### Task goal
Everything from the line that contains "Staré Hamry, Gruň" through the last line below should be transcribed exactly, except the pictures.

### Data block
**********
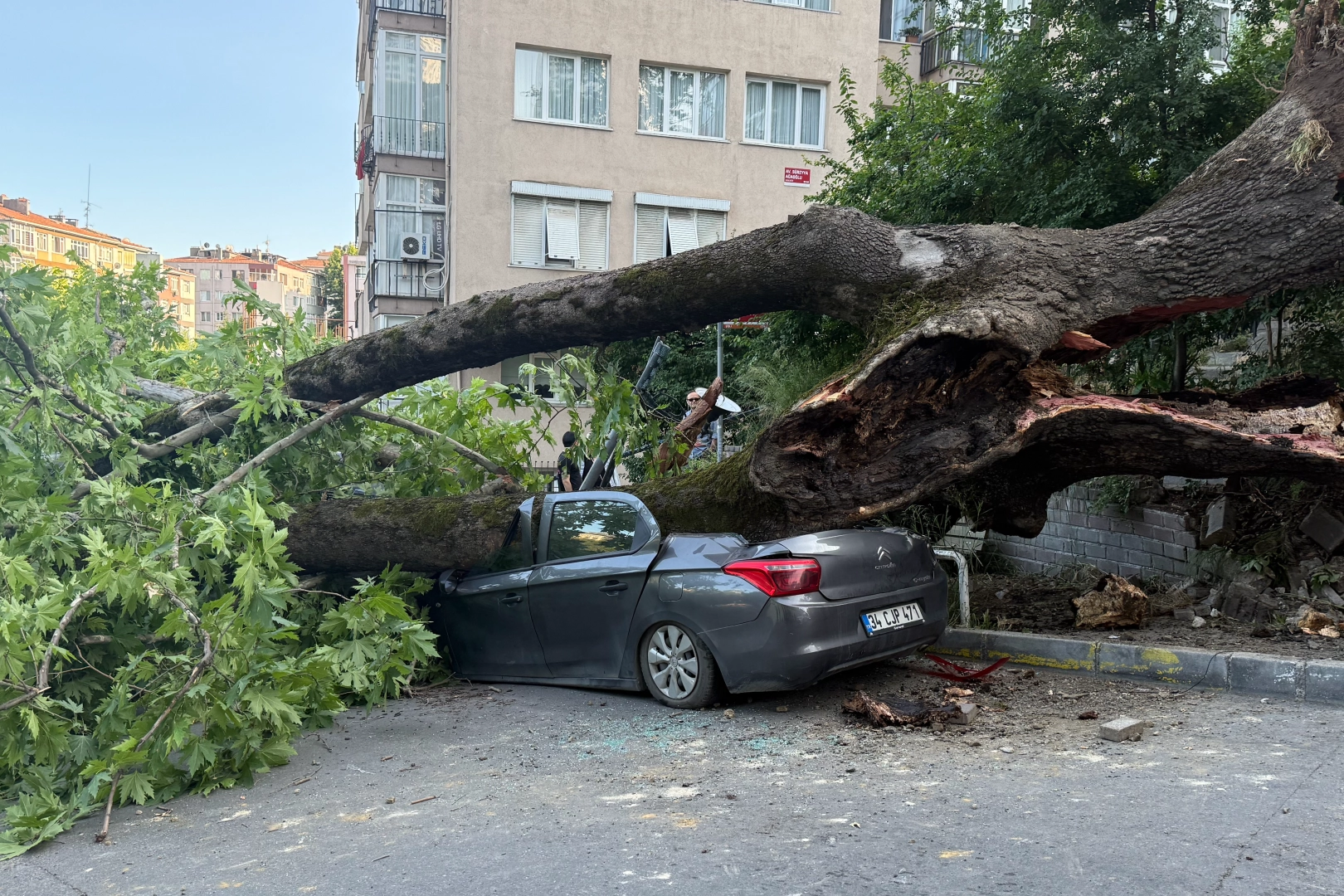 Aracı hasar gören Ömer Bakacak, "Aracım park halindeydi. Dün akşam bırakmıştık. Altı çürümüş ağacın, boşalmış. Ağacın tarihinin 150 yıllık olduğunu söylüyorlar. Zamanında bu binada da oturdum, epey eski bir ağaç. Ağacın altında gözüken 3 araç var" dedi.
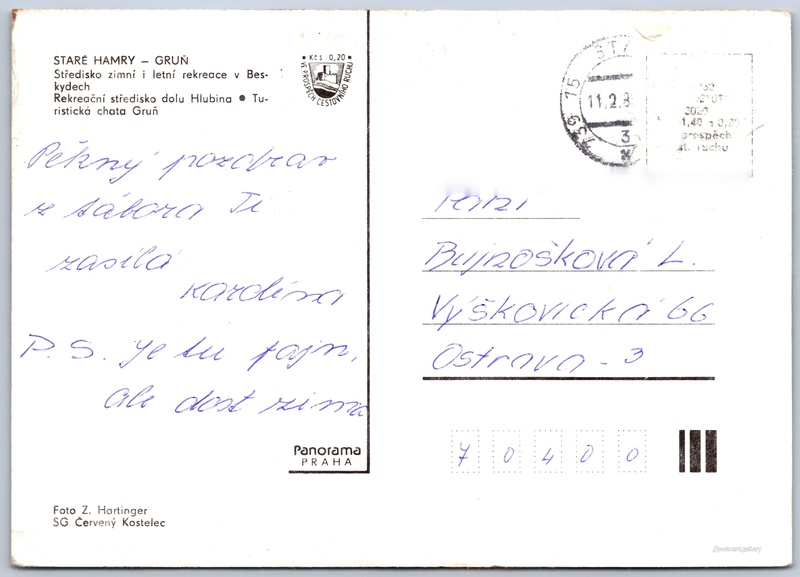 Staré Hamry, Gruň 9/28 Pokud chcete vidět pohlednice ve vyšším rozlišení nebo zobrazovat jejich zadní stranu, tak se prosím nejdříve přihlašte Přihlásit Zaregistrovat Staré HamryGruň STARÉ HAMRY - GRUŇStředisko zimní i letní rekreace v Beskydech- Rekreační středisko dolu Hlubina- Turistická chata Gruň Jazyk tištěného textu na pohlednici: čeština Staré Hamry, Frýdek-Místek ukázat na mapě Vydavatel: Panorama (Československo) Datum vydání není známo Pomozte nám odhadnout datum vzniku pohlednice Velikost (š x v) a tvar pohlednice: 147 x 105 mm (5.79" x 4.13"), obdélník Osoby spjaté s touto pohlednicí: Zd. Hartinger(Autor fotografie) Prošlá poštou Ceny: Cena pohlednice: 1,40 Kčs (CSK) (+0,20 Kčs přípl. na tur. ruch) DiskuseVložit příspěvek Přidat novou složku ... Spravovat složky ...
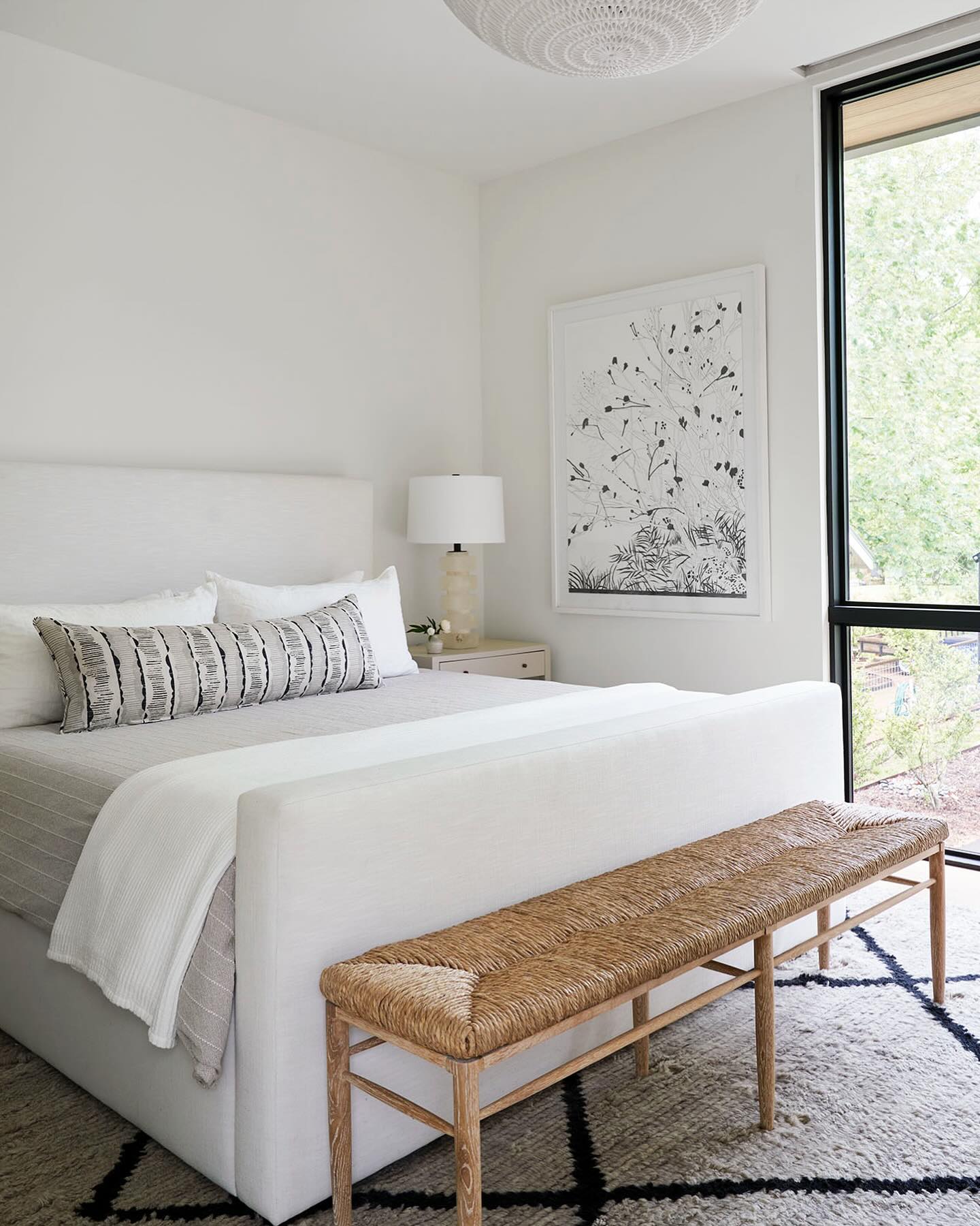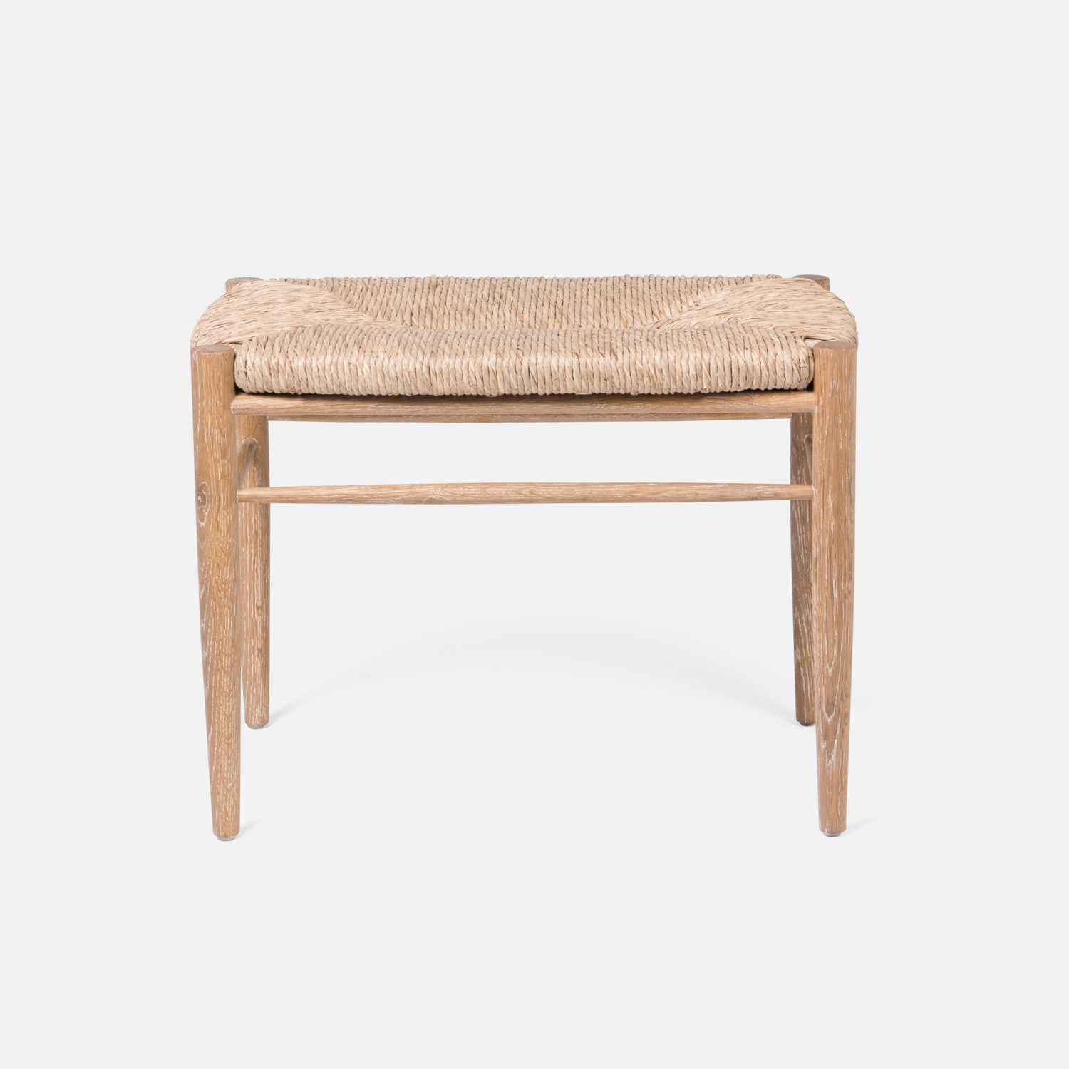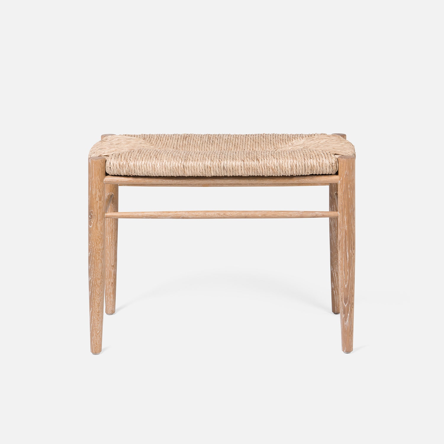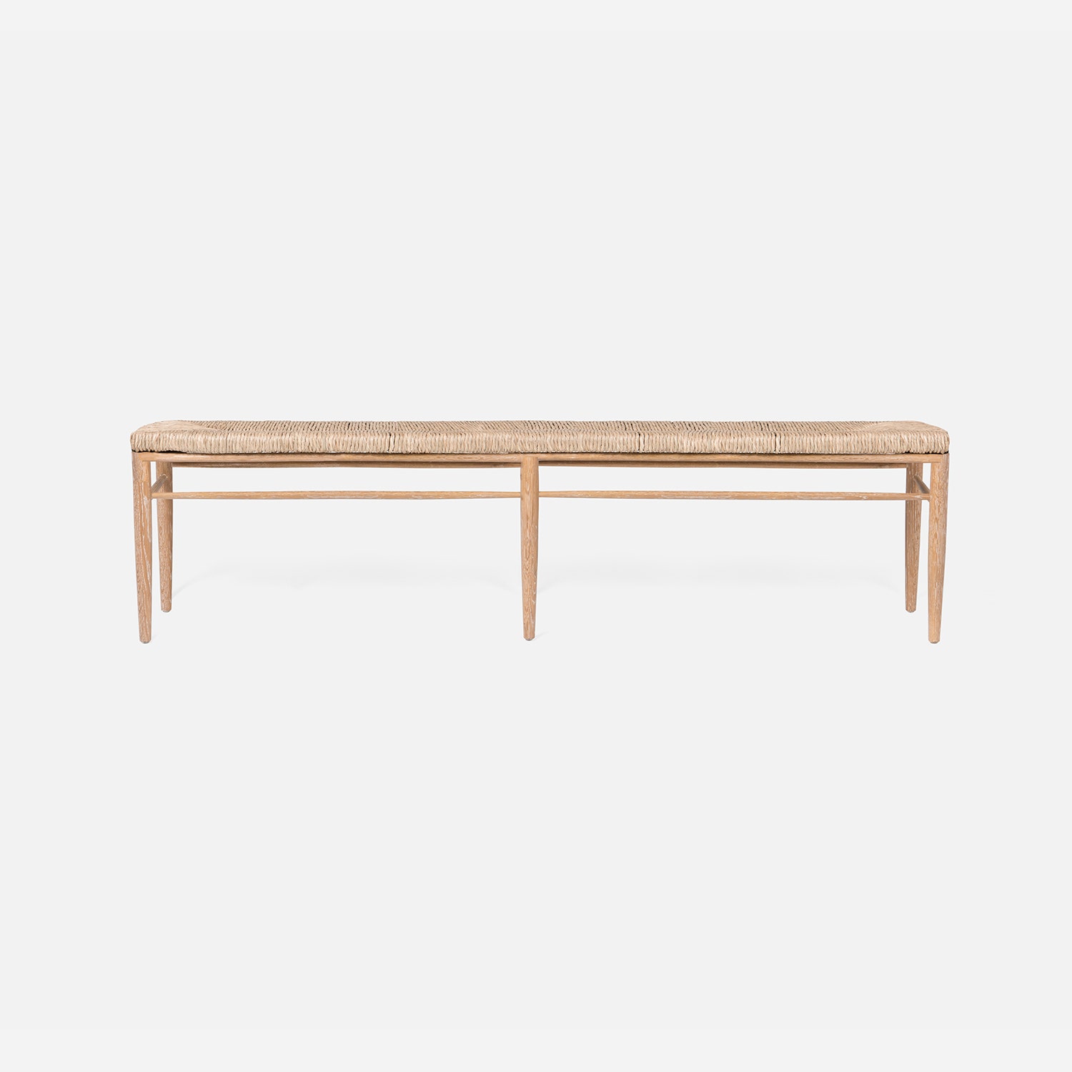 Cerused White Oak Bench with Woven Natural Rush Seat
**********
### Reply to the exercise
 Staré Hamry, Gruň 9/28 Pokud chcete vidět pohlednice ve vyšším rozlišení nebo zobrazovat jejich zadní stranu, tak se prosím nejdříve přihlašte Přihlásit Zaregistrovat Staré HamryGruň STARÉ HAMRY - GRUŇStředisko zimní i letní rekreace v Beskydech- Rekreační středisko dolu Hlubina- Turistická chata Gruň Jazyk tištěného textu na pohlednici: čeština Staré Hamry, Frýdek-Místek ukázat na mapě Vydavatel: Panorama (Československo) Datum vydání není známo Pomozte nám odhadnout datum vzniku pohlednice Velikost (š x v) a tvar pohlednice: 147 x 105 mm (5.79" x 4.13"), obdélník Osoby spjaté s touto pohlednicí: Zd. Hartinger(Autor fotografie) Prošlá poštou Ceny: Cena pohlednice: 1,40 Kčs (CSK) (+0,20 Kčs přípl. na tur. ruch) DiskuseVložit příspěvek Přidat novou složku ... Spravovat složky ...
 Cerused White Oak Bench with Woven Natural Rush Seat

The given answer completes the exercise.